Null hypothesis and p-values

The null hypothesis is that the input table is from the hypergeometric distribution with parameters (as used in `hypergeom`) `M = a + b + c + d`, `n = a + b` and `N = a + c`, where the input table is `[[a, b], [c, d]]`. This distribution has support `max(0, N + n - M) <= x <= min(N, n)`, or, in terms of the values in the input table, `min(0, a - d) <= x <= a + min(b, c)`. `x` can be interpreted as the upper-left element of a 2x2 table, so the tables in the distribution have form:

```[  x           n - x     ]
[N - x    M - (n + N) + x]
```

For example, if:

```table = [6  2]
[1  4]
```

then the support is `2 <= x <= 7`, and the tables in the distribution are:

```[2 6]   [3 5]   [4 4]   [5 3]   [6 2]  [7 1]
[5 0]   [4 1]   [3 2]   [2 3]   [1 4]  [0 5]
```

The probability of each table is given by the hypergeometric distribution `hypergeom.pmf(x, M, n, N)`. For this example, these are (rounded to three significant digits):

```x       2      3      4      5       6        7
p  0.0163  0.163  0.408  0.326  0.0816  0.00466
```

These can be computed with:

```>>> from scipy.stats import hypergeom
>>> table = np.array([[6, 2], [1, 4]])
>>> M = table.sum()
>>> n = table.sum()
>>> N = table[:, 0].sum()
>>> start, end = hypergeom.support(M, n, N)
>>> hypergeom.pmf(np.arange(start, end+1), M, n, N)
array([0.01631702, 0.16317016, 0.40792541, 0.32634033, 0.08158508,
0.004662  ])
```

The two-sided p-value is the probability that, under the null hypothesis, a random table would have a probability equal to or less than the probability of the input table.
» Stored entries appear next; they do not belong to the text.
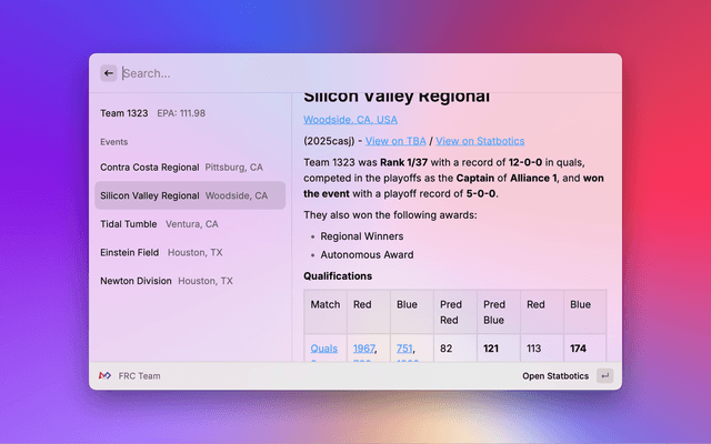 Statistics for FIRST Robotics Competition and FIRST Tech Challenge right at your fingertips.
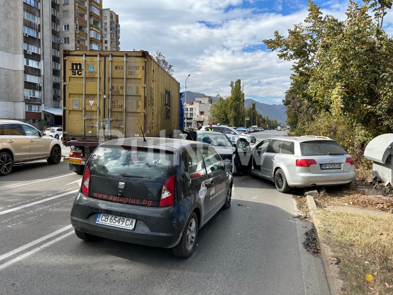 От последните минути! Тежка верижна катастрофа на натоварен булевард във Враца, движението е затруднено /снимки/
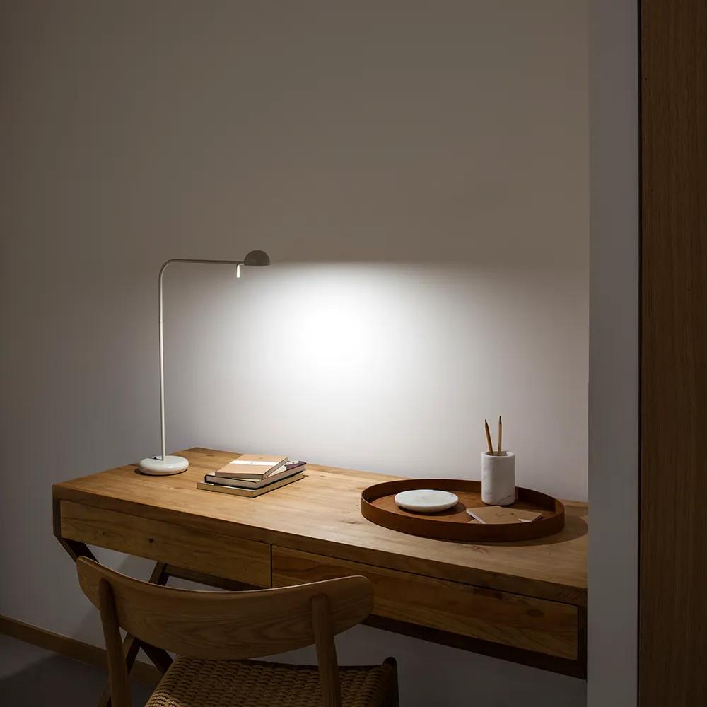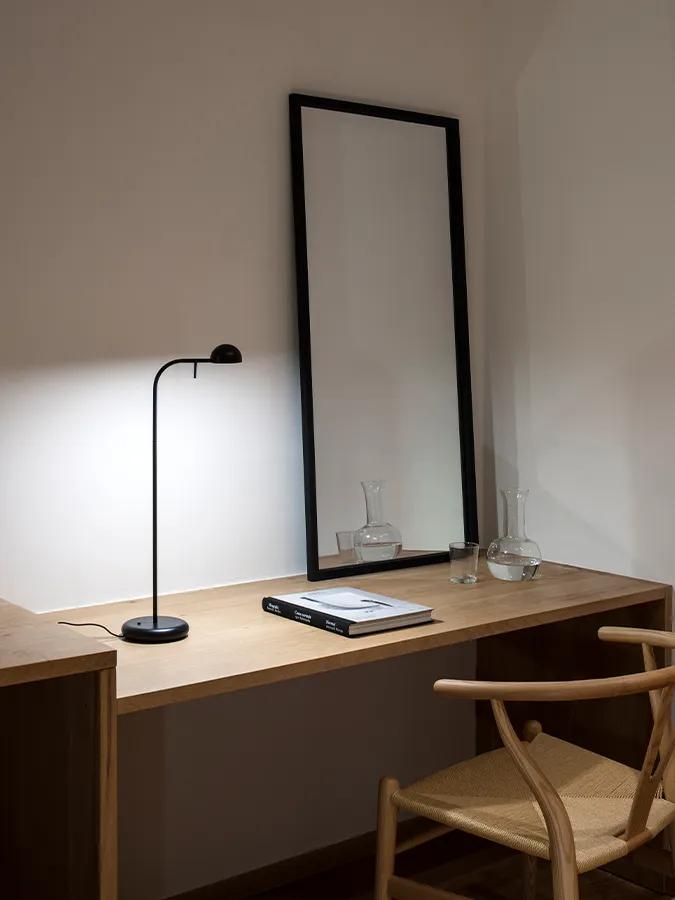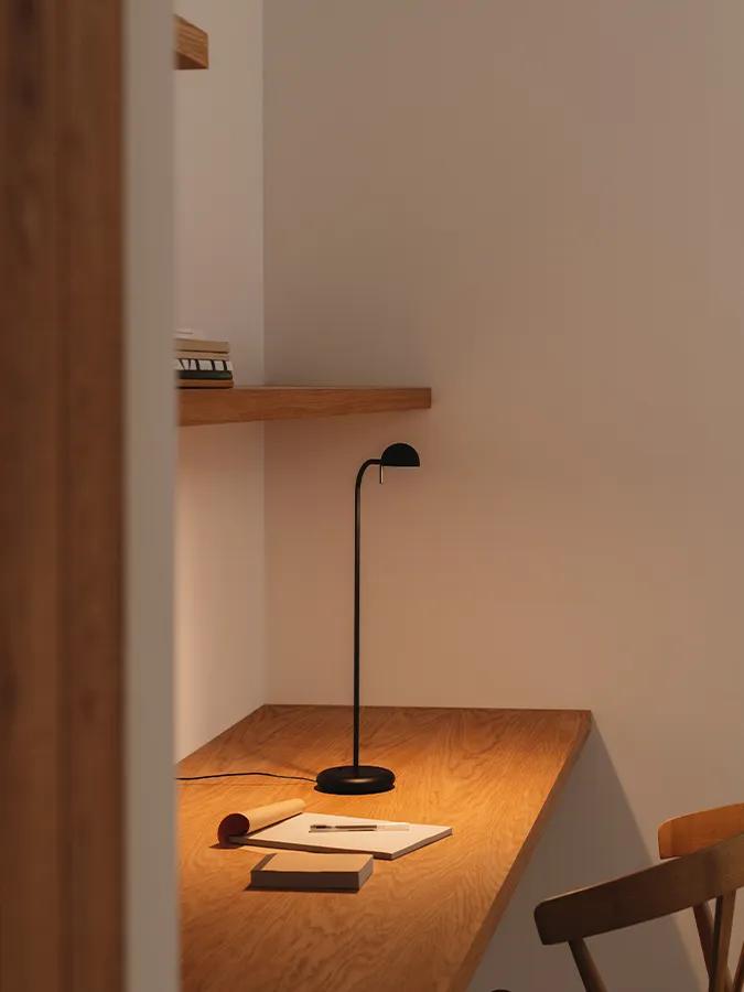 La collection Pin, en versions lampadaire et lampe de table, associe une silhouette élancée à un éclairage ponctuel et précis.

For our example, the probability of the input table (where `x = 6`) is 0.0816. The x values where the probability does not exceed this are 2, 6 and 7, so the two-sided p-value is `0.0163 + 0.0816 + 0.00466 ~= 0.10256`:

```>>> from scipy.stats import fisher_exact
>>> oddsr, p = fisher_exact(table, alternative='two-sided')
>>> p
0.10256410256410257
```

The one-sided p-value for `alternative='greater'` is the probability that a random table has `x >= a`, which in our example is `x >= 6`, or `0.0816 + 0.00466 ~= 0.08626`:

```>>> oddsr, p = fisher_exact(table, alternative='greater')
>>> p
0.08624708624708627
```

This is equivalent to computing the survival function of the distribution at `x = 5` (one less than `x` from the input table, because we want to include the probability of `x = 6` in the sum):

```>>> hypergeom.sf(5, M, n, N)
0.08624708624708627
```

For `alternative='less'`, the one-sided p-value is the probability that a random table has `x <= a`, (i.e. `x <= 6` in our example), or `0.0163 + 0.163 + 0.408 + 0.326 + 0.0816 ~= 0.9949`:

```>>> oddsr, p = fisher_exact(table, alternative='less')
>>> p
0.9953379953379957
```

This is equivalent to computing the cumulative distribution function of the distribution at `x = 6`:

```>>> hypergeom.cdf(6, M, n, N)
0.9953379953379957
```

Odds ratio

The calculated odds ratio is different from the one R uses. This SciPy implementation returns the (more common) “unconditional Maximum Likelihood Estimate”, while R uses the “conditional Maximum Likelihood Estimate”.

Examples

Say we spend a few days counting whales and sharks in the Atlantic and Indian oceans. In the Atlantic ocean we find 8 whales and 1 shark, in the Indian ocean 2 whales and 5 sharks. Then our contingency table is:

```        Atlantic  Indian
whales     8        2
sharks     1        5
```

We use this table to find the p-value:

```>>> from scipy.stats import fisher_exact
>>> oddsratio, pvalue = fisher_exact([[8, 2], [1, 5]])
>>> pvalue
0.0349...
```

The probability that we would observe this or an even more imbalanced ratio by chance is about 3.5%. A commonly used significance level is 5%–if we adopt that, we can therefore conclude that our observed imbalance is statistically significant; whales prefer the Atlantic while sharks prefer the Indian ocean.